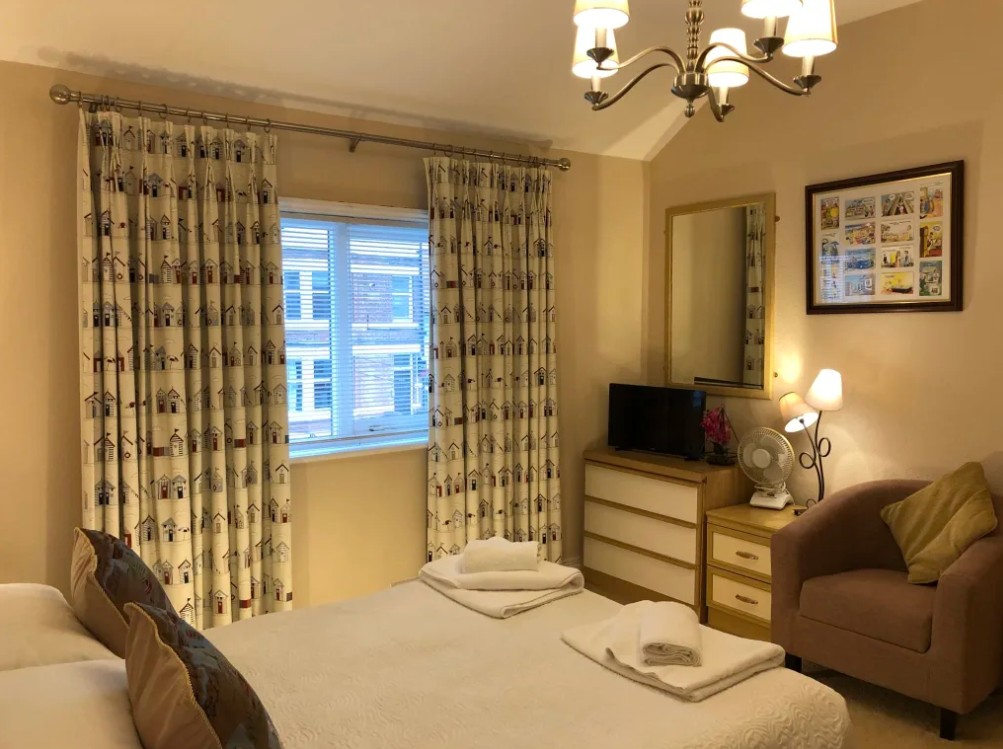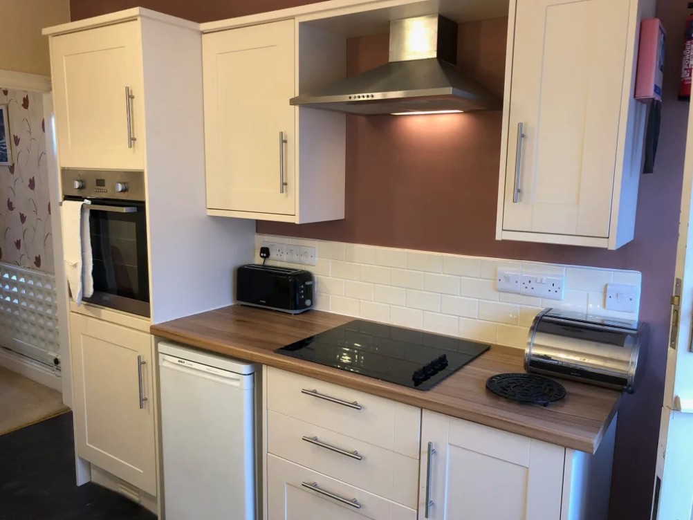 This first floor flat comes with a large lounge with a 3 seater sofa plus 2 seater sofa and additional seating in the bay window. Facilities include a smart TV and DVD player. Enjoy some home-cooking in the fully-equipped kitchen that comes with an electric hob, fan assisted oven, microwave, freezer and fridge. Bedrooms consist of a king and single room.
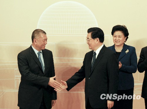 12月19日,国家主席胡锦涛、国务委员刘延东(右)、澳门特首何厚铧出席澳门科学馆开幕典礼。中新社发 廖攀 摄
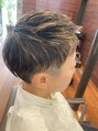 地毛の黒髪にブリーチでハイライト(メッシュ)で動きを出しました。なるべく黄色味や赤みが出ないように、しっかり時間を置いています。
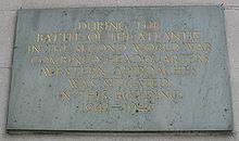 After the fall of France in June 1940, the main North Atlantic convoy routes were diverted around the north of Ireland through the north-western approaches.[2] By late 1940, the location of the Combined Operations headquarters at Plymouth was increasingly awkward and the decision was taken to move the Combined Operations headquarters to Liverpool.[2] On 7 February 1941, the headquarters was established at Derby House, Liverpool,[2] with a secondary control bunker built in Magee College, Derry.[3] Derby House was designated HMS Eaglet; it was customary to treat naval shore establishments as ships so that its occupants abide by naval rules. The headquarters of No. 15 Group RAF (part of Coastal Command) moved to Liverpool at the same time.[4] On 17 February 1941 Admiral Sir Percy Noble was appointed as the new Commander-in-Chief, Western Approaches Command.[2] The Western Approaches Tactical Unit (WATU) was formed in January 1942 to develop and disseminate new tactics to counter German submarine attacks on trans-Atlantic shipping convoys. WATU took up residency on the top floor of Derby House.[5]
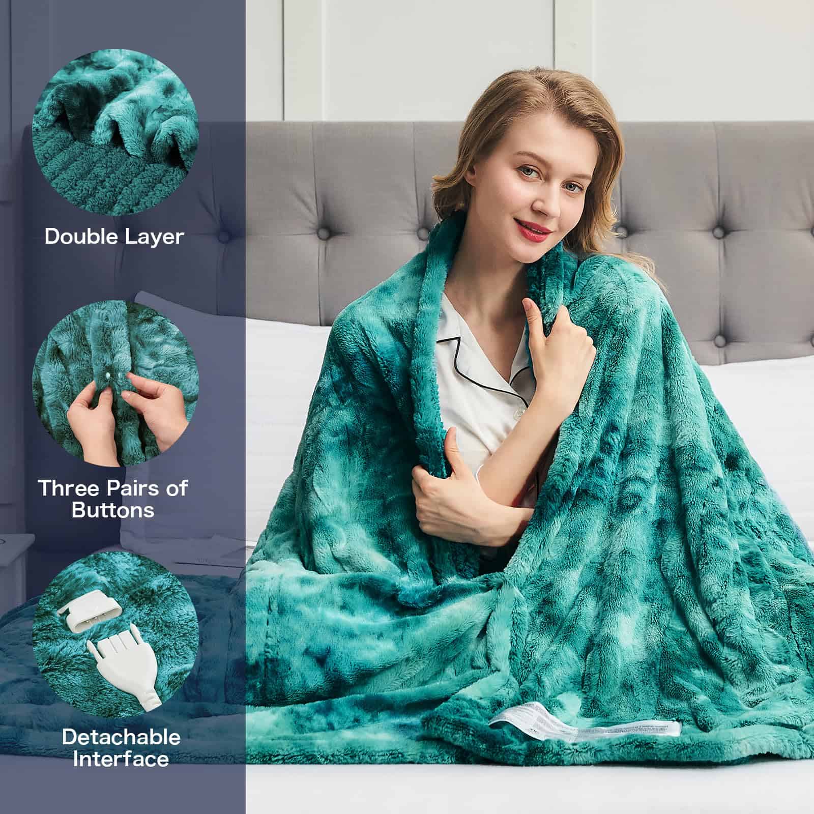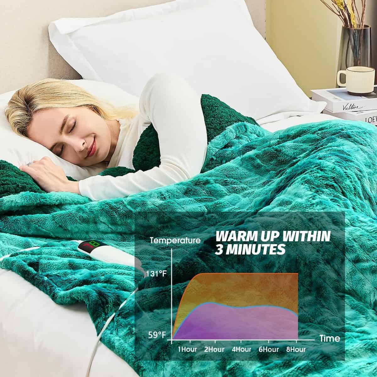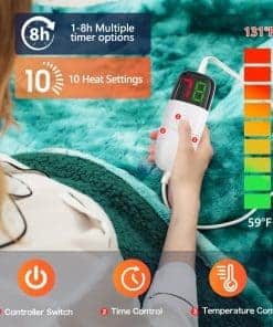 Quizás compraste una manta térmica para hacer más acogedor el invierno, ¡felicidades, has descubierto el secreto del calor! Cuando tengas una manta eléctrica extra gruesa, la usarás mientras lees, la colocarás en tu regazo mientras trabajas (como una gran almohadilla térmica), la tendrás a tu lado durante la hora de la siesta y mientras duermes, y te cubrirás con ella mientras ves la televisión en el sofá. Esta sería un regalo genial para padres, madres e hijos. ¿Encuentras la calefacción demasiado cara El frío invierno te obliga a pagar facturas de calefacción exorbitantes. Pero con nuestra manta térmica eléctrica Octrot, solo necesitas cubrir una fracción del costo de electricidad, reduciendo significativamente tus gastos de invierno. Las mantas térmicas Octrot son tan suaves como el pelaje de conejo, proporcionando un tacto suave justo como lo imaginas. La Franela Sherpa duplica el calor, incluso en caso de un apagón. Si la cómoda manta térmica Pictek es el corazón, la manta térmica Octrot es aún más versátil que las disponibles en el mercado. Puedes elegir de manera flexible entre cinco períodos de tiempo diferentes para la función de apagado automático, que son 1, 2, 4, 6 y 8 horas. La manta de felpa peluda se apagará automáticamente de forma regular para garantizar la seguridad y el ahorro de energía. La manta eléctrica tiene 10 ajustes de temperatura, que van desde 59 Fahrenheit a 131 Fahrenheit. La acogedora manta térmica no solo es una manta térmica, sino también una manta de invierno gruesa y una gran almohadilla térmica. El frente de la manta está hecho de piel sintética y la parte trasera está hecha de franela Sherpa, que ya es muy cálida en circunstancias normales. Su función es la misma que una almohadilla térmica, que puede proteger tus rodillas, cintura, cuello y diversas partes del cuerpo, proporcionando calor para todo tu cuerpo. Es tu buen compañero para resistir el frío extremo. Si tienes alguna duda sobre la vida útil de nuestra manta térmica, siéntete libre de comprar nuestra manta térmica eléctrica lavable con confianza. Nuestras mantas eléctricas han sido actualizadas y probadas rigurosamente, con tecnología madura, calentamiento uniforme, larga vida útil y seguridad y confiabilidad del producto. Después de comprar la manta térmica eléctrica, también ofreceremos garantía de servicio postventa para garantizar tu experiencia como consumidor.
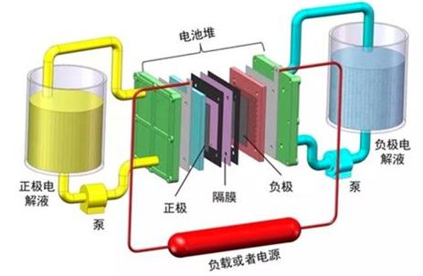 ——工作原理。液流電池通過離子選擇膜的離子交換將化學(xué)能轉(zhuǎn)化為電能,離子選擇膜將兩種液體電解質(zhì)分開存儲在不同的罐中,利用兩種化學(xué)溶液進(jìn)行離子交換來進(jìn)行充放電,其電壓一般在1.0-2.2V之間。與其它電池相似,液流電池的功率與隔膜面積成正比,而儲存能量的多寡和溶液儲存容量成正比。
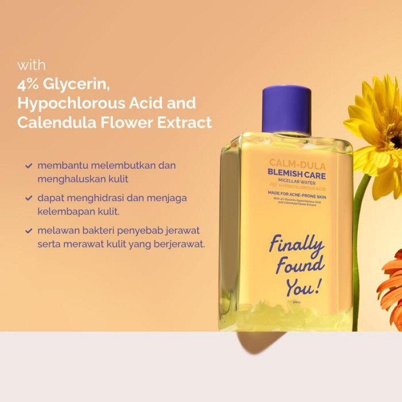 Hypochlorous Acid (HOCL) untuk antibakteri jerawat (200 ppm), Glycerin untuk hidrasi, dan Calendula Extract
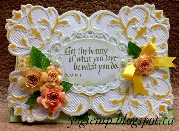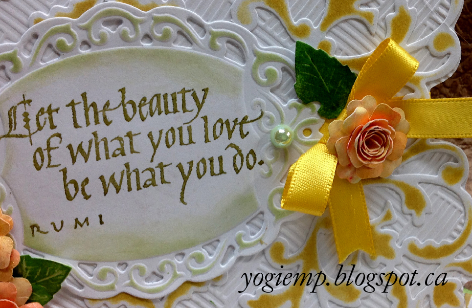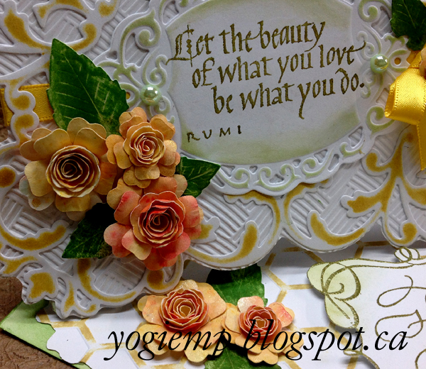 I scored and folded my easel card from white cardstock Die cut the flourished frame (Cuttlebug Anna Griffin "Flourish Emblem") from white cardstock, heavily sponged with Distress "Scattered Straw", removed from die and cut away the center area. Used the die to scan the outer edge and imported into my electronic cutter. Cut 2 of them from white cardstock. On the front one I dry embossed using Darice "Basket Weave". Adhered this layer to the front piece of the side easel. adhered a piece of narrow yellow satin ribbon, then the flourished frame. Stamped the quote on a separate piece of white cardstock using Versafine "Spanish Moss" and clear embossed. Die cut using Marianne Design LR0235 die set and sponged with a dirty green sponge. Adhered over the ribbon. Created a decorated paper using 67# white cardstock, misting both sides and bursting Brushos "Yellow", "Gamboge" and "Scarlet" misting with more water, moving some around with my finger, lifting most of the water off with a paper towel, then spraying with Perfect Pearls "Sunflower Sparkle" & "Perfect Pearls" mists. Dried thoroughly, then cut with my electronic cutter "Heirloom Hybrid Roses". I created the eCut from my die set, and wanted some that were smaller than the die... |
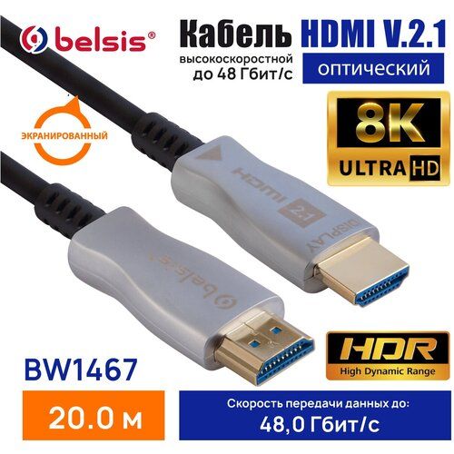 НАЙТИ ВЫГОДНЕЕ - HDMI Кабель 2.1 8K, 4K, Оптический Belsis, Длина 20 метров /BW1467
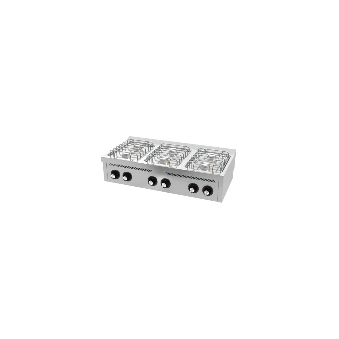 Fogón industrial a gas de sobremesa con seis quemadores de alto poder calorífico, cuenta con una potencia de 33Kw, doble corona y termopar de seguridad. Fabricación Española
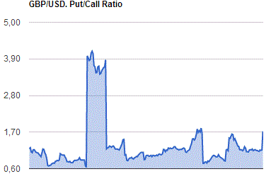- общий открытый интерес по PUT опционам с датой экспирации 3 мая составляет 9445 контрактов, при этом максимальное количество контрактов привязано к страйку $1,4700 (1602);
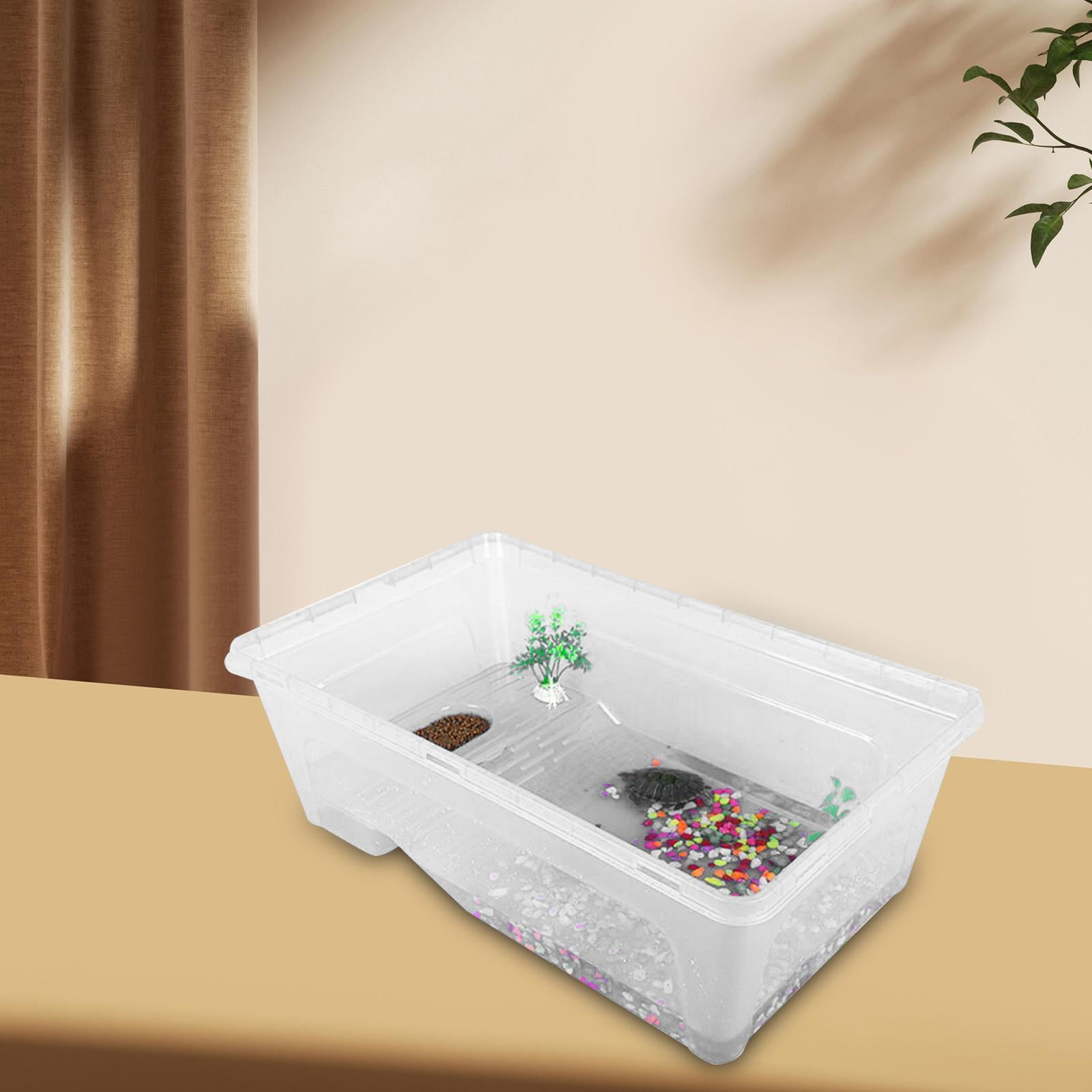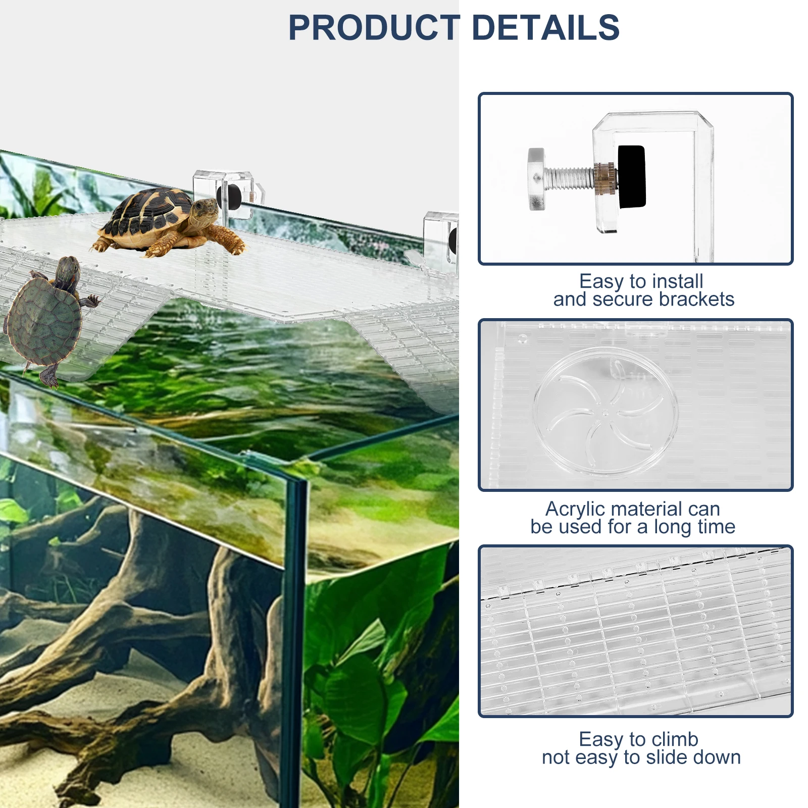 Deine Schildkröte wird diesen Sonnenplatz lieben! Diese clevere Über-Tank-Lösung gibt deinem Wasserfreund seinen eigenen gemütlichen Landbereich. Aus stabilem, transparentem Acryl gefertigt, ist sie nicht nur robust, sondern bietet auch freie Sicht auf dein Tier. Die spezielle Anti-Rutsch-Rampe macht es deiner Schildkröte super einfach, hoch und runter zu klettern - kein Rutschrisiko mehr! Das Beste: Da der Sonnenplatz oben auf dem Tank sitzt, bleibt der wertvolle Schwimmraum komplett erhalten. So kann deine Schildkröte nach Herzenslust plantschen und hat trotzdem ihren trockenen Rückzugsort fürs Sonnenbad unter der Wärmelampe. Perfekt für die Panzergesundheit durch richtige UVB-Bestrahlung! Es gibt zwei Größen zur Auswahl: Die kleinere misst etwa 20x14x14 cm, die größere 25x16x16 cm. Ideal nicht nur für Schildkröten, sondern auch für andere kleine Reptilien und Amphibien. Einfach auf den Tank setzen - und schon hat dein Liebling sein eigenes Luxus-Appartement!

+++++

All pictures are to be dropped, and the records above returned exactly.

 This first floor flat comes with a large lounge with a 3 seater sofa plus 2 seater sofa and additional seating in the bay window. Facilities include a smart TV and DVD player. Enjoy some home-cooking in the fully-equipped kitchen that comes with an electric hob, fan assisted oven, microwave, freezer and fridge. Bedrooms consist of a king and single room.
 12月19日,国家主席胡锦涛、国务委员刘延东(右)、澳门特首何厚铧出席澳门科学馆开幕典礼。中新社发 廖攀 摄
 地毛の黒髪にブリーチでハイライト(メッシュ)で動きを出しました。なるべく黄色味や赤みが出ないように、しっかり時間を置いています。
 After the fall of France in June 1940, the main North Atlantic convoy routes were diverted around the north of Ireland through the north-western approaches.[2] By late 1940, the location of the Combined Operations headquarters at Plymouth was increasingly awkward and the decision was taken to move the Combined Operations headquarters to Liverpool.[2] On 7 February 1941, the headquarters was established at Derby House, Liverpool,[2] with a secondary control bunker built in Magee College, Derry.[3] Derby House was designated HMS Eaglet; it was customary to treat naval shore establishments as ships so that its occupants abide by naval rules. The headquarters of No. 15 Group RAF (part of Coastal Command) moved to Liverpool at the same time.[4] On 17 February 1941 Admiral Sir Percy Noble was appointed as the new Commander-in-Chief, Western Approaches Command.[2] The Western Approaches Tactical Unit (WATU) was formed in January 1942 to develop and disseminate new tactics to counter German submarine attacks on trans-Atlantic shipping convoys. WATU took up residency on the top floor of Derby House.[5]
 Quizás compraste una manta térmica para hacer más acogedor el invierno, ¡felicidades, has descubierto el secreto del calor! Cuando tengas una manta eléctrica extra gruesa, la usarás mientras lees, la colocarás en tu regazo mientras trabajas (como una gran almohadilla térmica), la tendrás a tu lado durante la hora de la siesta y mientras duermes, y te cubrirás con ella mientras ves la televisión en el sofá. Esta sería un regalo genial para padres, madres e hijos. ¿Encuentras la calefacción demasiado cara El frío invierno te obliga a pagar facturas de calefacción exorbitantes. Pero con nuestra manta térmica eléctrica Octrot, solo necesitas cubrir una fracción del costo de electricidad, reduciendo significativamente tus gastos de invierno. Las mantas térmicas Octrot son tan suaves como el pelaje de conejo, proporcionando un tacto suave justo como lo imaginas. La Franela Sherpa duplica el calor, incluso en caso de un apagón. Si la cómoda manta térmica Pictek es el corazón, la manta térmica Octrot es aún más versátil que las disponibles en el mercado. Puedes elegir de manera flexible entre cinco períodos de tiempo diferentes para la función de apagado automático, que son 1, 2, 4, 6 y 8 horas. La manta de felpa peluda se apagará automáticamente de forma regular para garantizar la seguridad y el ahorro de energía. La manta eléctrica tiene 10 ajustes de temperatura, que van desde 59 Fahrenheit a 131 Fahrenheit. La acogedora manta térmica no solo es una manta térmica, sino también una manta de invierno gruesa y una gran almohadilla térmica. El frente de la manta está hecho de piel sintética y la parte trasera está hecha de franela Sherpa, que ya es muy cálida en circunstancias normales. Su función es la misma que una almohadilla térmica, que puede proteger tus rodillas, cintura, cuello y diversas partes del cuerpo, proporcionando calor para todo tu cuerpo. Es tu buen compañero para resistir el frío extremo. Si tienes alguna duda sobre la vida útil de nuestra manta térmica, siéntete libre de comprar nuestra manta térmica eléctrica lavable con confianza. Nuestras mantas eléctricas han sido actualizadas y probadas rigurosamente, con tecnología madura, calentamiento uniforme, larga vida útil y seguridad y confiabilidad del producto. Después de comprar la manta térmica eléctrica, también ofreceremos garantía de servicio postventa para garantizar tu experiencia como consumidor.
 ——工作原理。液流電池通過離子選擇膜的離子交換將化學(xué)能轉(zhuǎn)化為電能,離子選擇膜將兩種液體電解質(zhì)分開存儲在不同的罐中,利用兩種化學(xué)溶液進(jìn)行離子交換來進(jìn)行充放電,其電壓一般在1.0-2.2V之間。與其它電池相似,液流電池的功率與隔膜面積成正比,而儲存能量的多寡和溶液儲存容量成正比。
 Hypochlorous Acid (HOCL) untuk antibakteri jerawat (200 ppm), Glycerin untuk hidrasi, dan Calendula Extract
 I scored and folded my easel card from white cardstock Die cut the flourished frame (Cuttlebug Anna Griffin "Flourish Emblem") from white cardstock, heavily sponged with Distress "Scattered Straw", removed from die and cut away the center area. Used the die to scan the outer edge and imported into my electronic cutter. Cut 2 of them from white cardstock. On the front one I dry embossed using Darice "Basket Weave". Adhered this layer to the front piece of the side easel. adhered a piece of narrow yellow satin ribbon, then the flourished frame. Stamped the quote on a separate piece of white cardstock using Versafine "Spanish Moss" and clear embossed. Die cut using Marianne Design LR0235 die set and sponged with a dirty green sponge. Adhered over the ribbon. Created a decorated paper using 67# white cardstock, misting both sides and bursting Brushos "Yellow", "Gamboge" and "Scarlet" misting with more water, moving some around with my finger, lifting most of the water off with a paper towel, then spraying with Perfect Pearls "Sunflower Sparkle" & "Perfect Pearls" mists. Dried thoroughly, then cut with my electronic cutter "Heirloom Hybrid Roses". I created the eCut from my die set, and wanted some that were smaller than the die... |
 НАЙТИ ВЫГОДНЕЕ - HDMI Кабель 2.1 8K, 4K, Оптический Belsis, Длина 20 метров /BW1467
 Fogón industrial a gas de sobremesa con seis quemadores de alto poder calorífico, cuenta con una potencia de 33Kw, doble corona y termopar de seguridad. Fabricación Española
- общий открытый интерес по PUT опционам с датой экспирации 3 мая составляет 9445 контрактов, при этом максимальное количество контрактов привязано к страйку $1,4700 (1602);
 Deine Schildkröte wird diesen Sonnenplatz lieben! Diese clevere Über-Tank-Lösung gibt deinem Wasserfreund seinen eigenen gemütlichen Landbereich. Aus stabilem, transparentem Acryl gefertigt, ist sie nicht nur robust, sondern bietet auch freie Sicht auf dein Tier. Die spezielle Anti-Rutsch-Rampe macht es deiner Schildkröte super einfach, hoch und runter zu klettern - kein Rutschrisiko mehr! Das Beste: Da der Sonnenplatz oben auf dem Tank sitzt, bleibt der wertvolle Schwimmraum komplett erhalten. So kann deine Schildkröte nach Herzenslust plantschen und hat trotzdem ihren trockenen Rückzugsort fürs Sonnenbad unter der Wärmelampe. Perfekt für die Panzergesundheit durch richtige UVB-Bestrahlung! Es gibt zwei Größen zur Auswahl: Die kleinere misst etwa 20x14x14 cm, die größere 25x16x16 cm. Ideal nicht nur für Schildkröten, sondern auch für andere kleine Reptilien und Amphibien. Einfach auf den Tank setzen - und schon hat dein Liebling sein eigenes Luxus-Appartement!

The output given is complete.